Identification of measuring instruments – for what purpose?

There are several purposes here, and they depend on the content of the identification of the measuring instrument.

A measuring instrument may be identified by:

  1. by its calibration status (as in the photo)
  2. by its marking, number

Variant 1

By means of the identification of a measuring instrument (MI) the user will always have a transparent overview on the serviceability of the used measuring instrument.

Variants 1 and 2

Information on identification is often required for traceability of measurements. The various reports should include information on which equipment the measurement was carried out (specify number) and what calibration status the MI had.

Identification of measuring instruments – in which processes?

There are usually a number of departments in the production plants which have measuring instruments in operation. It is reasonable to identify those that are used for:

  • monitoring of the conduct of the technological process
  • control of components (raw materials), control during the production process, control of finished products. Such measuring instruments will be available in production and quality control.
  • monitoring of environmental parameters (temperature, humidity) in cases where these parameters are critical to maintain or achieve product conformity. Identification of measuring instruments is applied to hygrometers, thermometers, psychrometers in storage areas.

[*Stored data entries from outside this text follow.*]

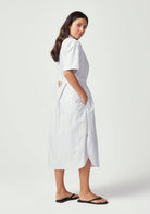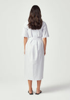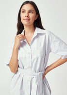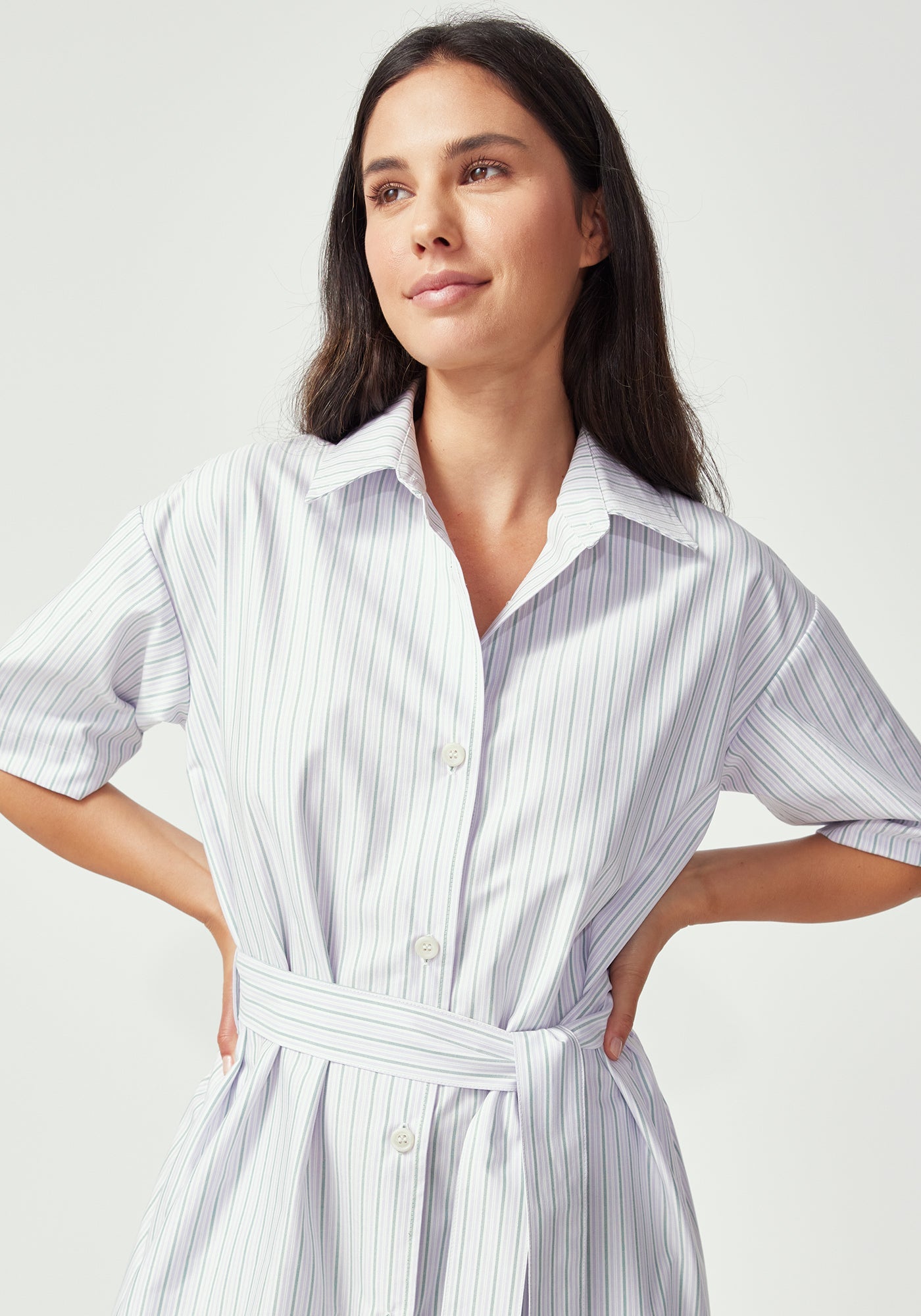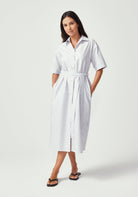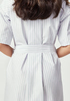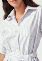 The Manon Dress embodies effortless sophistication with its clean shirt dress silhouette and thoughtful details. Featuring a classic collar, short sleeves, and full button-front closure, this midi-length dress creates a polished look that works beautifully from boardroom to brunch. The adjustable tie belt defines your waist while the relaxed fit through the body ensures all-day comfort. Practical side pockets add modern functionality to this timeless design, while the Lilac/Green Stripe brings a subtle pop of colour that offers a fresh, summer vibe.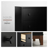 The Prepac Nordik 3 Drawer Nightstand features a Black & Cherry finish, measuring 16"D x 26.5"W x 26.75"H, with three smooth-gliding drawers and a sturdy top supporting 25 lb, blending style and functionality. Crafted from durable, non-toxic materials, it’s perfect for any decor.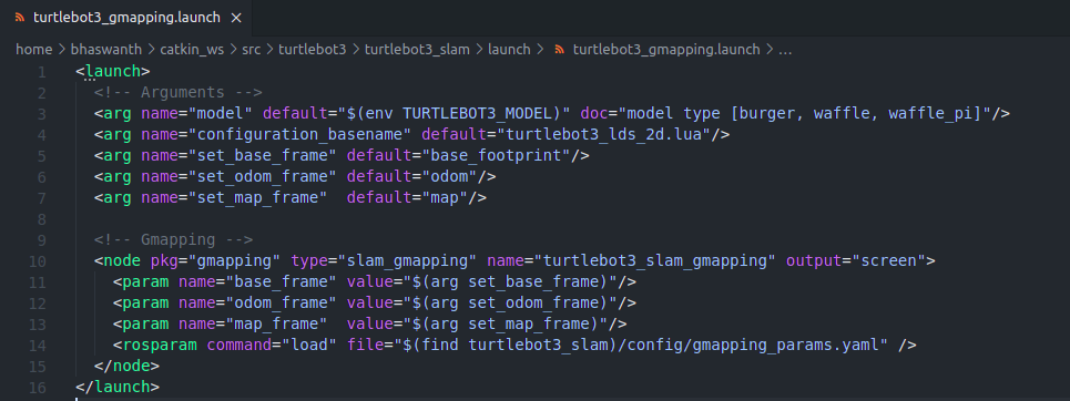 - This launch file starts the turtlebot3_slam_gmapping node from the gmapping package.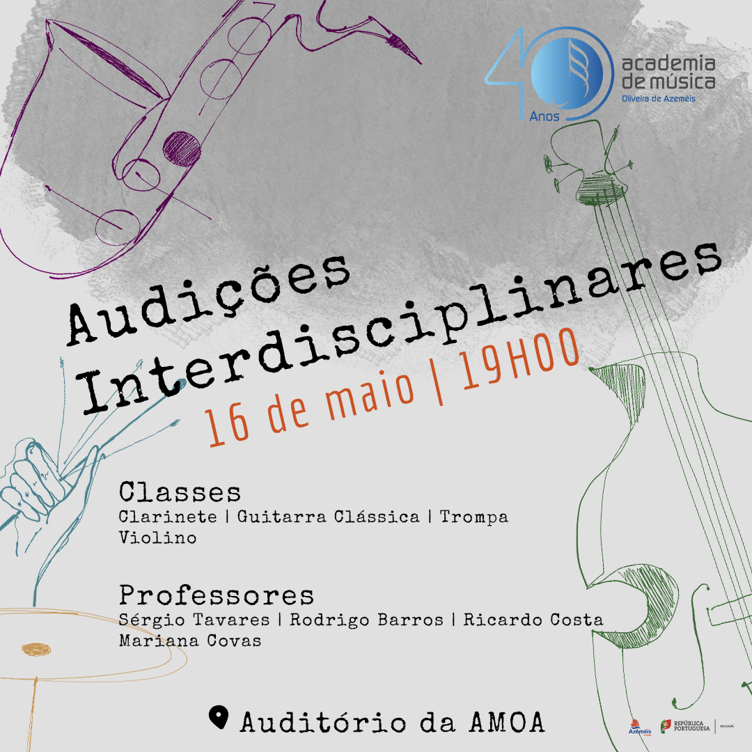 A segunda Audição Interdisciplinar do dia 16 de maio, decorre às 19H00 no Auditório da AMOA e conta com as classes de Clarinete, Guitarra Clássica, Trompa e Violino!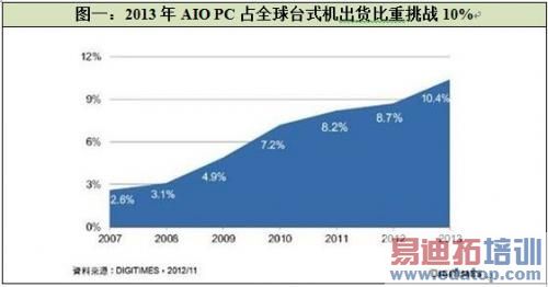 根据Digitimes Research报告指出,全球触控面板出货量预计在2013年达到17.5亿片,较2012年同比成长17.2%.其中,手机所使用的触控面板依旧为最主要应用类别,其出货量约为12.8亿片,较2012年成长14.2%,且占整体73.0%.平板电脑的出货量约为2.3亿片,占整体13.3%而居次,同比成长38.2%;触控式PC的出货量则为2,633万片左右,同比成长251.3%.值得注意的是,触控式PC的需求呈现极大幅度的成长,这不仅显示大尺寸PC在触控面板具有市场优势外;Digitimes Research也预估(见图一),AIO PC占台式机出货将持续攀高,估今年约8.7%,明年可望上看10.4%.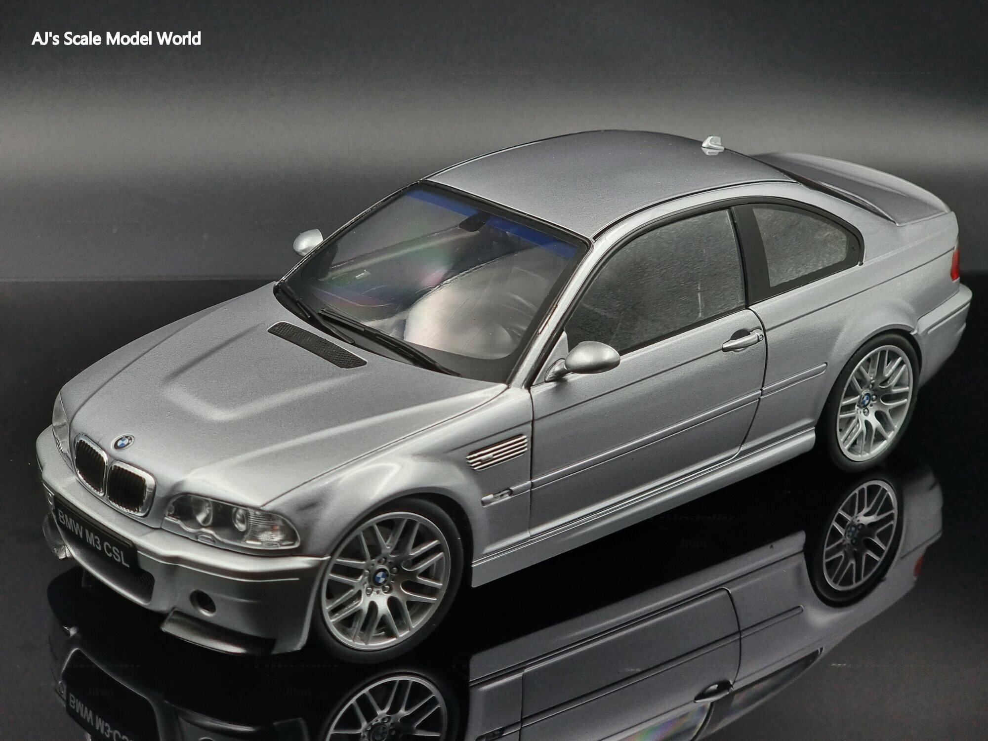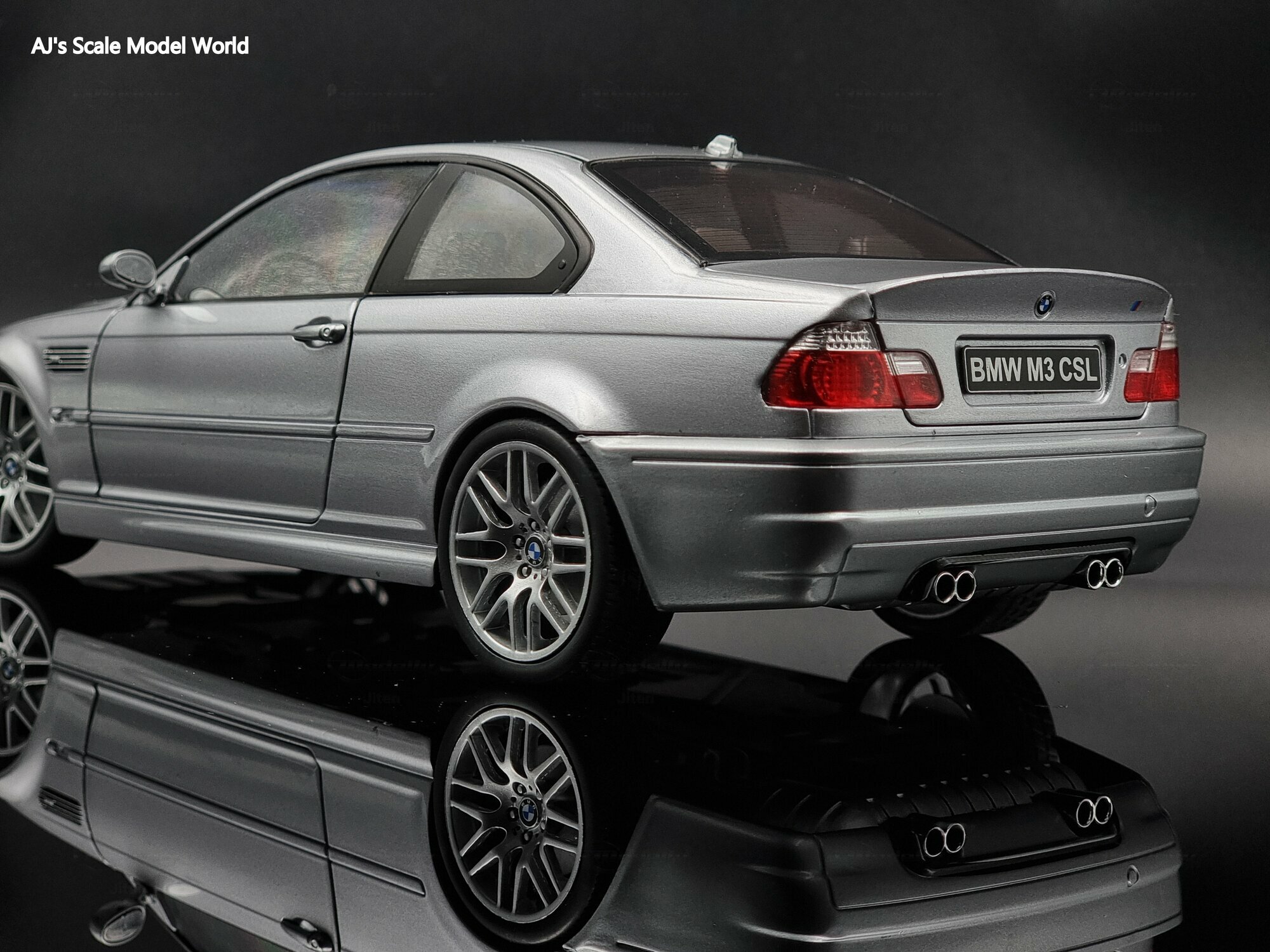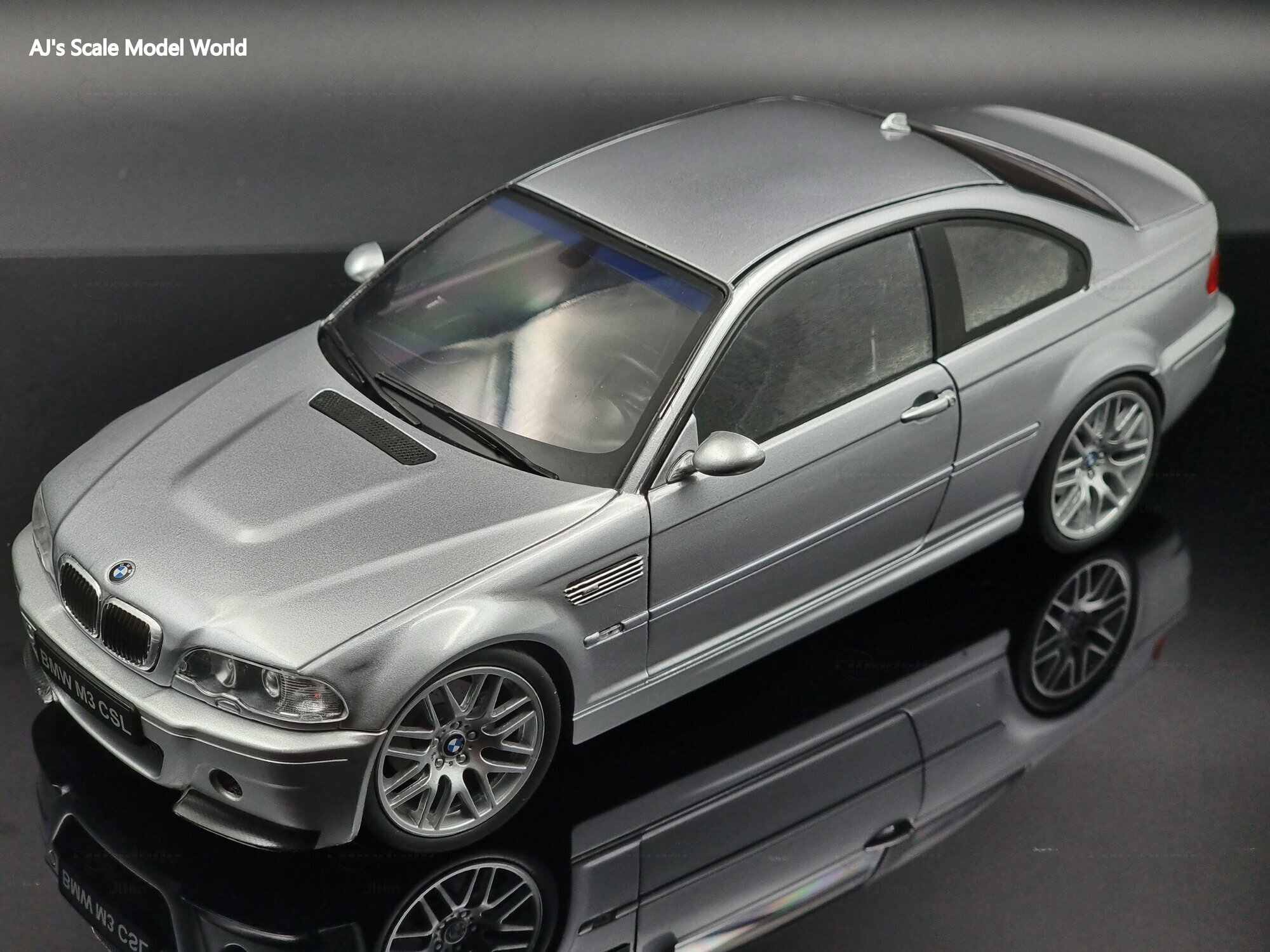 The model car, scaled at 1/18, is based on the iconic BMW M3 (E46), which was produced between 2000 and 2006. This specific model represents the BMW M3 CSL, a particularly powerful and rare version of the M3. The abbreviation CSL stands for "Coupe Sport Lightweight", already hinting at the lightweight construction and sporty ambitions of this car. The CSL sacrifices comfort features to save weight and enhance performance. Engineers at BMW used innovative materials like carbon fiber and Alcantara to achieve a curb weight of just 1385 kilograms (3053 pounds). These measures helped the BMW M3 (E46) achieve impressive performance figures: the 3.2-liter inline-six engine produces 360 horsepower and accelerates the vehicle from 0 to 62 mph in just 4.9 seconds.

How to apply identification?

The answer is simple – in a way to fulfil the objective. In other words, the identification must be clear and visible to the staff in charge of the measurement. An additional aspect: as applying identification is also an “intervention” in the equipment, it should be applied without risk of changing the characteristics of the measuring instrument (e.g. not taping the buttons, not applying the identification tag to the weighbridge, etc.). And it is also recommended that such identification should last until the time of its replacement by a new one, until the next calibration period.

And one more interesting point in the identification of the measuring instrument.

What is more important: to specify the last date of verification or calibration or the date of subsequent calibration? To be objective, true information that a measuring instrument is valid is only contained in the date of the last calibration. Based on risk analysis and regulatory requirements, it is possible to assess which calibration interval is the most appropriate.